Only one span of the material below is wanted. Output it exactly, from the line with "这幅《画家冯钢百像》就是在那" through the line with "Raised and extended", without any pictures.

(Source data begins)

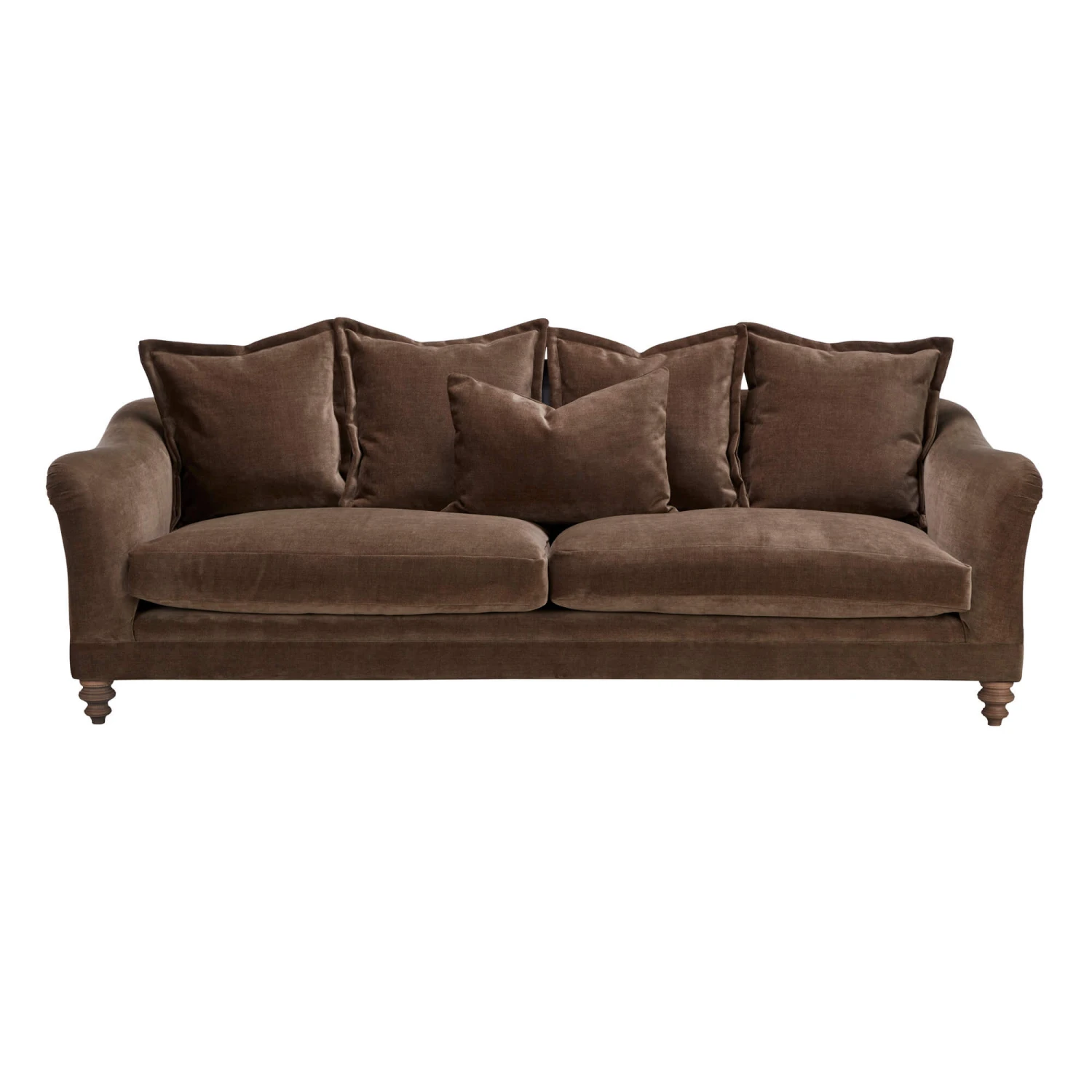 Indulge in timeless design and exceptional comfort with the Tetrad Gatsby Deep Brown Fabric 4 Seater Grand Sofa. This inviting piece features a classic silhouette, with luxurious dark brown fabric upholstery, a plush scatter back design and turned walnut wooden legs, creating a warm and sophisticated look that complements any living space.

(Source data ends)
(Source data begins)

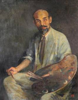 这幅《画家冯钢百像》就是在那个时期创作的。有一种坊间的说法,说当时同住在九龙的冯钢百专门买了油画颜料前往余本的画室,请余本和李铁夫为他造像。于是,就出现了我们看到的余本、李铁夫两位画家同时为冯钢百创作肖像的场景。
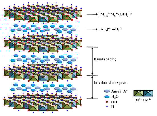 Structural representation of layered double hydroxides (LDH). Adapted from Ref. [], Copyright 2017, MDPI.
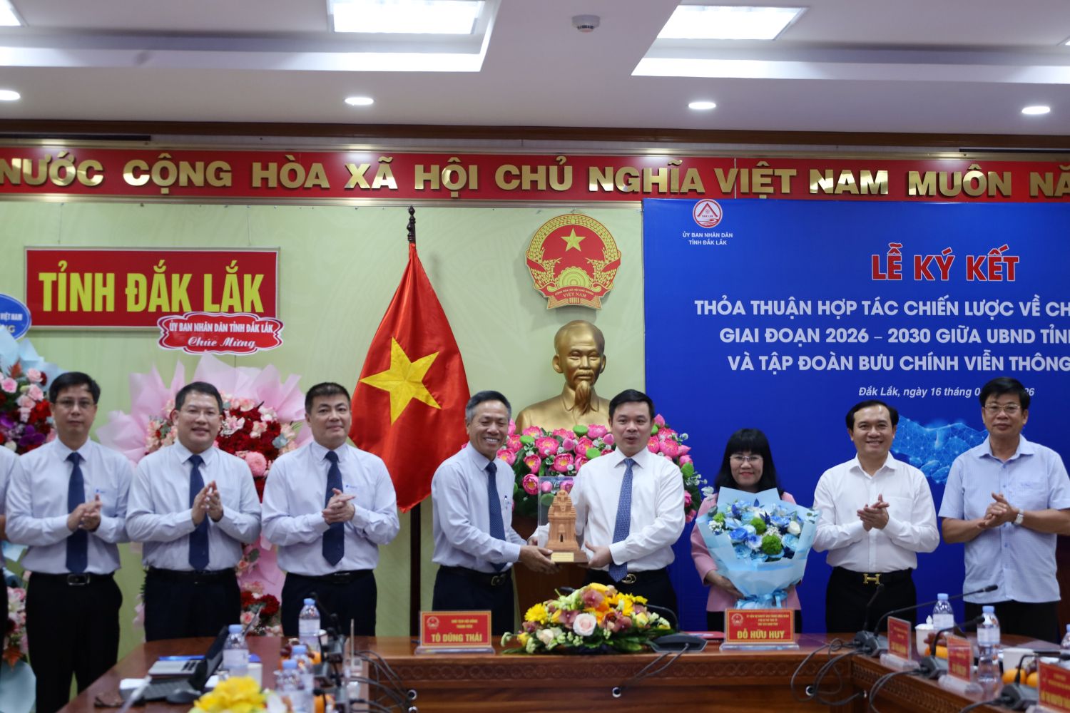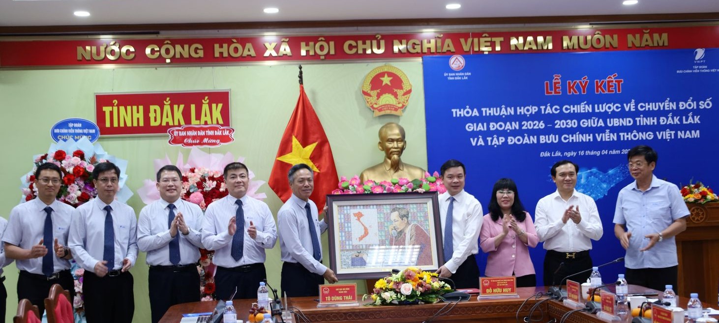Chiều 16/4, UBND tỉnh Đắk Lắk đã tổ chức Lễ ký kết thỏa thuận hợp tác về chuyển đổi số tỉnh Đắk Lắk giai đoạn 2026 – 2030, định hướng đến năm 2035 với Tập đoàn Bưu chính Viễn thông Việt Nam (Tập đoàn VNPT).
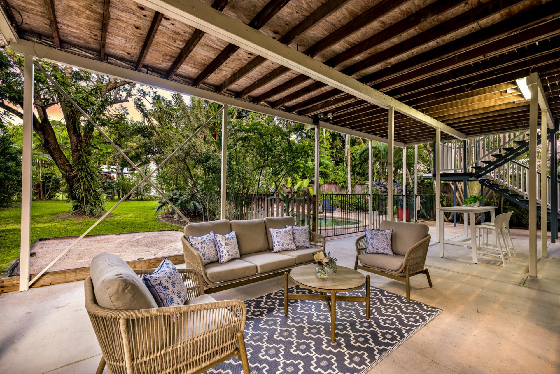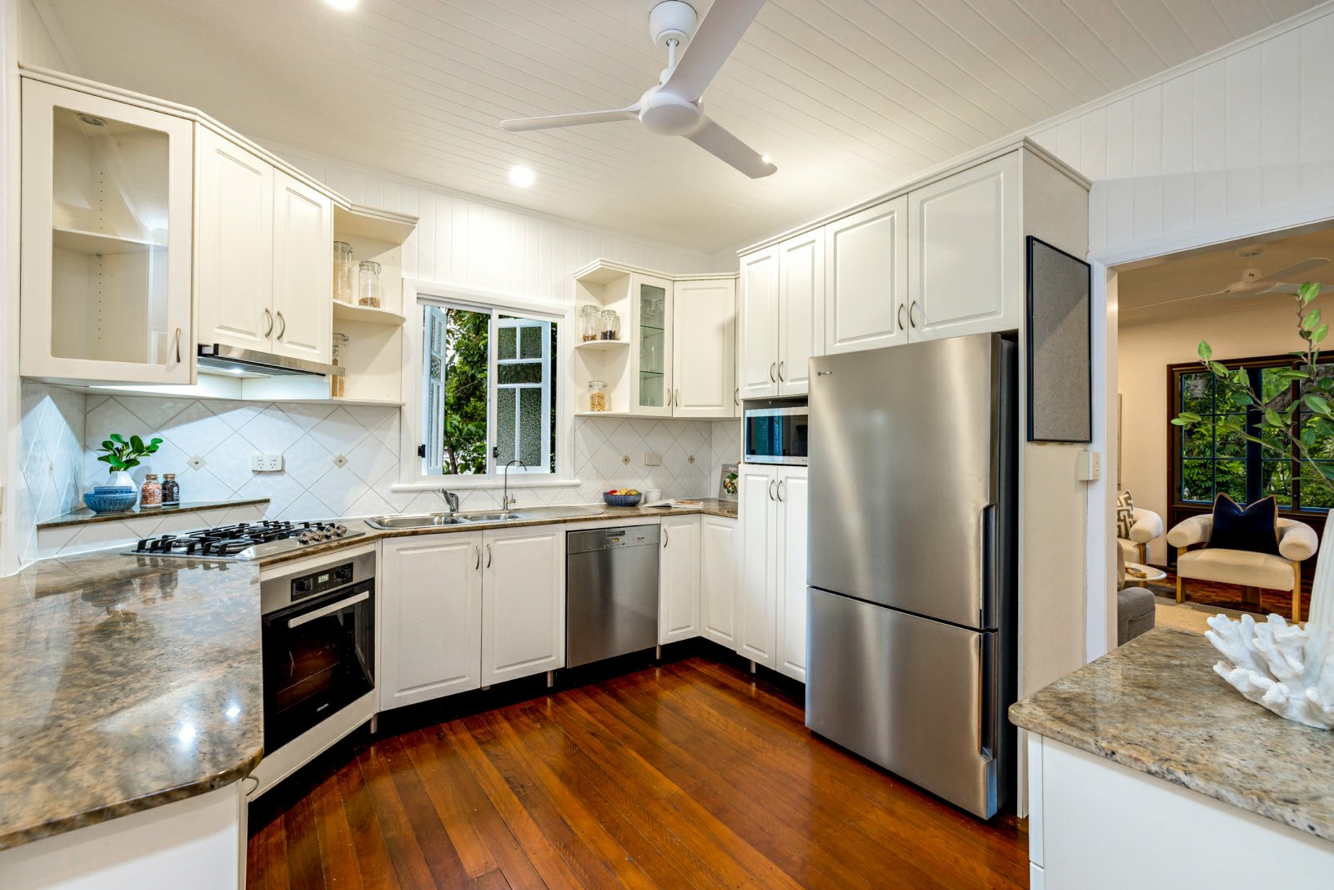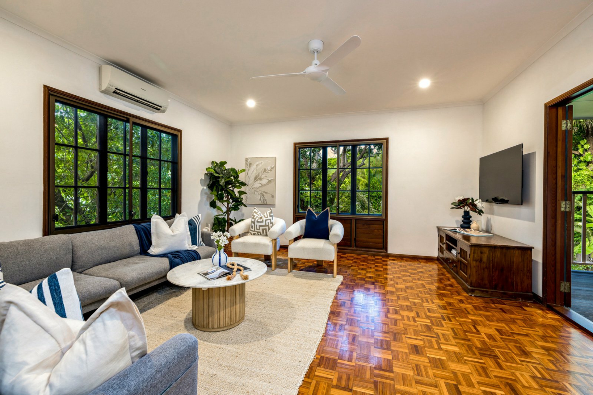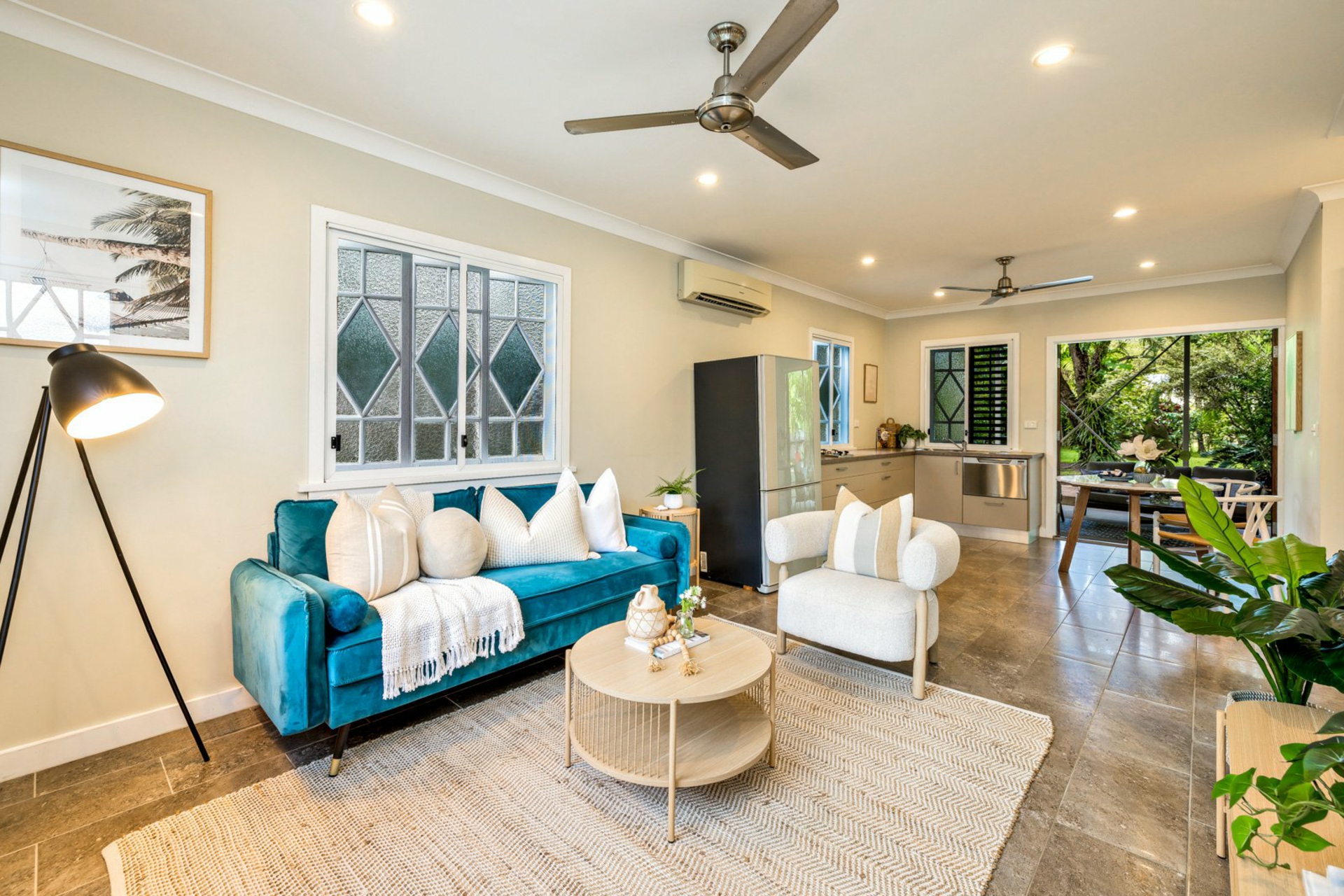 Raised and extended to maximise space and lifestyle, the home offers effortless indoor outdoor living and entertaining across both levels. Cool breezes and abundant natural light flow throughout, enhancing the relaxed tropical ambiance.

(Source data ends)

• _Solution for this problem_:
 这幅《画家冯钢百像》就是在那个时期创作的。有一种坊间的说法,说当时同住在九龙的冯钢百专门买了油画颜料前往余本的画室,请余本和李铁夫为他造像。于是,就出现了我们看到的余本、李铁夫两位画家同时为冯钢百创作肖像的场景。
 Structural representation of layered double hydroxides (LDH). Adapted from Ref. [], Copyright 2017, MDPI.
Chiều 16/4, UBND tỉnh Đắk Lắk đã tổ chức Lễ ký kết thỏa thuận hợp tác về chuyển đổi số tỉnh Đắk Lắk giai đoạn 2026 – 2030, định hướng đến năm 2035 với Tập đoàn Bưu chính Viễn thông Việt Nam (Tập đoàn VNPT).
 Raised and extended to maximise space and lifestyle, the home offers effortless indoor outdoor living and entertaining across both levels. Cool breezes and abundant natural light flow throughout, enhancing the relaxed tropical ambiance.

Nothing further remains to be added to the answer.